Music is littered with people who were once the next big thing. In the early 1980’s singer Kirk Brandon had two strong stabs at music immortality with the bands Theatre of Hate and Spear of Destiny.
Theatre of Hate were a band that became indie darlings in the early 1980’s thanks to their seminal hit Do You Believe in the Westworld. This was the era of Adam and the Ants, and Brandon took the spirit of the Native American onto the next level with strong drum beats, hypnotic looping rhythm and a high pitched vocal chant. While things have moved on for Brandon with the more seriously minded Spear of Destiny founded in 1982, some of these initial musical styles have remained constant.
Spear of Destiny were one of those bands that attracted a good number of dedicated fans and in the mid-late 1980’s every student pub had at least one person wearing a leather jacket with their moniker and logo on the back. Today Brandon regularly tours with both Spear of Destiny and Theatre of Hate (and also tours solo with a more orchestral backdrop (cello) to keep it all lively.
Today in his early 60’s Brandon looked good despite his well documented troubles with prescription anti depressants, heart surgery, court battles (Boy George claimed Brandon was a boyfriend) and subsequent bankruptcy. You have to have extra respect for a man who has made a living from music and performing for almost 40 years despite all these issues.
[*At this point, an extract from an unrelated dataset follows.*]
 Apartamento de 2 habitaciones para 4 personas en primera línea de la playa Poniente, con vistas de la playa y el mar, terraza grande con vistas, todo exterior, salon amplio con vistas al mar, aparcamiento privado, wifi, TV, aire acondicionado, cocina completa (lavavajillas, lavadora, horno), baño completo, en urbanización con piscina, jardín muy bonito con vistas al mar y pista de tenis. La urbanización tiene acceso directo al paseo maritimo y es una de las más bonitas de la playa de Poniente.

While Brandon and his band of merry men were playing at the Huddersfield Parish he sold out the venue in a heartbeat and many of his audience were questioning why he hadn’t arranged to play somewhere larger (in Huddersfield there isn’t really anywhere larger).
Another bonus is that Brandon is no pastiche of his former self, and Spear of Destiny are no glorified covers band; they still release albums and they are still decent records. Although I wasn’t a huge Spear of Destiny fan in the day it has to be said their back catalogue has stood up well to the tests of time. Listening to their track Micky, I reflected it was really only the name of the young hero and that he was fed up of his “city and guilds” (an early apprenticeship) where I detected the sands of time.
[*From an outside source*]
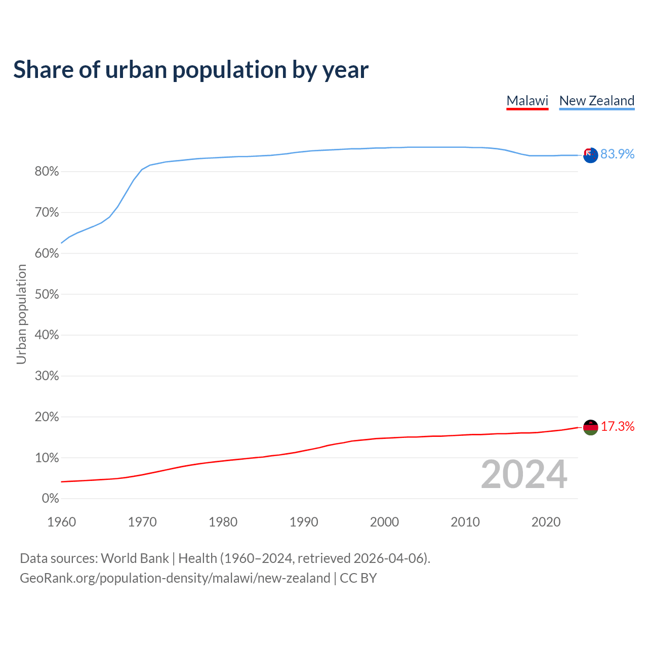 From 2004 to 2024, the share of urban population changed from 15% to 17.3% in Malawi and from 85.9% to 83.9% in New Zealand.

The build up to the show wasn’t particularly auspicious with a somewhat random set of atmosphere killing songs while we waited for our guys. The 80’s theme tune to ITV’s This Is Your Life immediately prior was a particularly miss hit choice.
Still once Spear of Destiny came on stage we were off. I was pleased to spot a former New Model Army friend, Adrian Portas being as solid as ever on guitar, and a long term Brandon collaborator since as long ago as 1980 Stan Stammers on bass. Freelance drummer Phil Martini makes up the four piece.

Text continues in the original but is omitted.